• **What the task requires**
Would you transcribe only the lines from the one holding "酒店设计以东南亚风格为主,结" through the end of the material, exactly, without any pictures?

• **Dataset excerpt**
=======

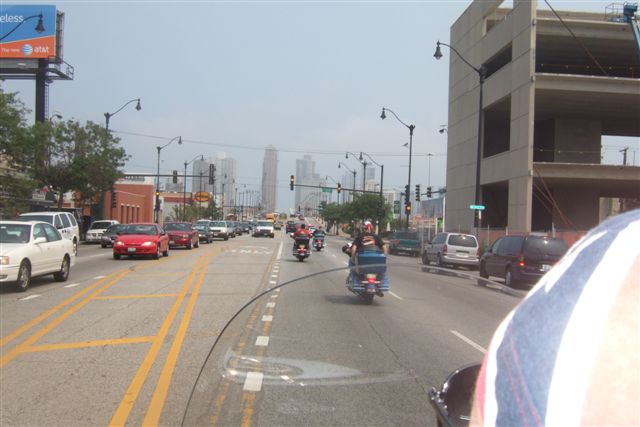 USA - Route 66 Août 2007 §§§ CHICAGO §§§ Chicago c'est "Wind City" la ville du vent, avec ses grattes ciel, ses marinas sur le lac Michigan, ses banlieux chics (et moins chics) et son passé sulfureux. C'est aussi le point de départ de la Route 66. Le centre de Chicago, à pied et avec bagages !!!
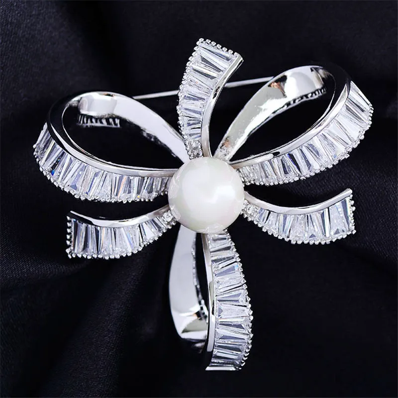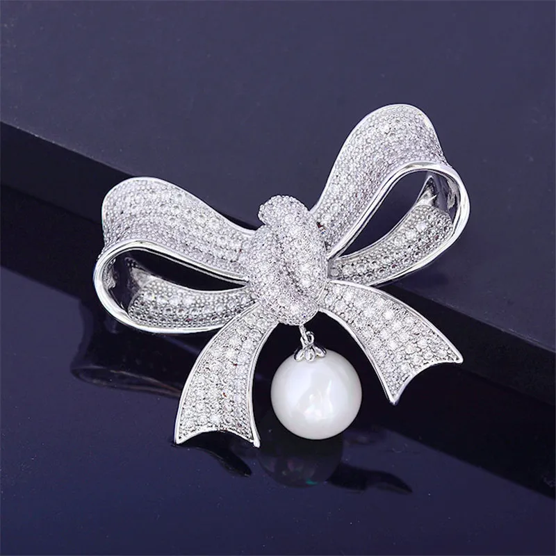 OKILY нежные женские броши ювелирные изделия аксессуары-кисточки жемчуг Циркон бант брошь булавка милый бант на лацкан булавка для новогоднего подарка
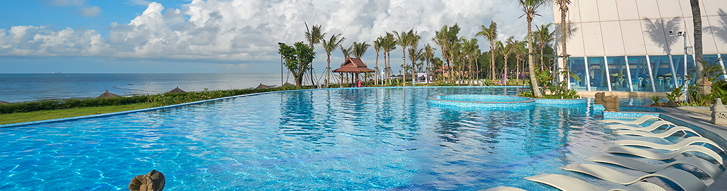酒店设计以东南亚风格为主,结合粤西滨海大气的风格和恢弘的气势与浓郁而醇美的东南亚园林的浪漫风情,共同演绎滨海度假典范。
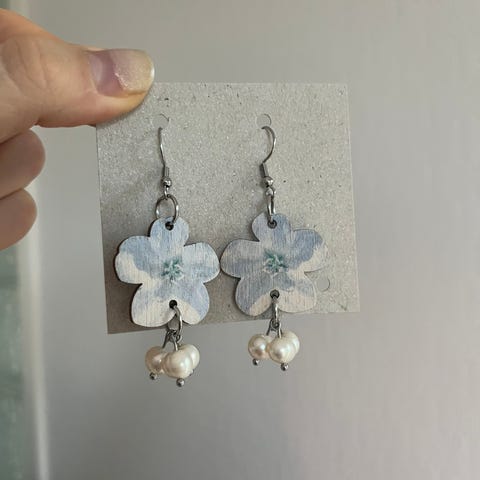 Myydään Never Too Lake -merkin White Whisper -korvikset. Aidot makeanvedenhelmet, kukka koivuvaneria ja koukut kirurginterästä. Korvakorun kokonaispituus 6cm.

=======

• **Task response**
酒店设计以东南亚风格为主,结合粤西滨海大气的风格和恢弘的气势与浓郁而醇美的东南亚园林的浪漫风情,共同演绎滨海度假典范。
 Myydään Never Too Lake -merkin White Whisper -korvikset. Aidot makeanvedenhelmet, kukka koivuvaneria ja koukut kirurginterästä. Korvakorun kokonaispituus 6cm.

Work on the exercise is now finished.